[Directions for this task] Across the whole listing, filter for the string "roku" and copy every line that has it.

──────── Given material ────────

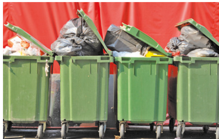
Wójt zwraca uwagę, że stawki ostatni raz były zmieniane pod koniec 2022 roku, a konieczność dopłaty blisko pół miliona złotych wskazuje, że poprzednie władze nie doszacowały stawki

Decyzję o podniesieniu kwoty za odbiór odpadów od 1 stycznia 2025 roku krótko skomentował komitet Wspólnie dla dobra Gminy, podając w mediach społecznościowych:
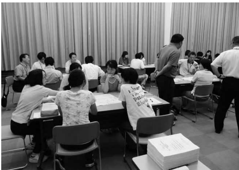
支えあいともに生きる研修

────────

[Exercise solution]
Wójt zwraca uwagę, że stawki ostatni raz były zmieniane pod koniec 2022 roku, a konieczność dopłaty blisko pół miliona złotych wskazuje, że poprzednie władze nie doszacowały stawki
Decyzję o podniesieniu kwoty za odbiór odpadów od 1 stycznia 2025 roku krótko skomentował komitet Wspólnie dla dobra Gminy, podając w mediach społecznościowych:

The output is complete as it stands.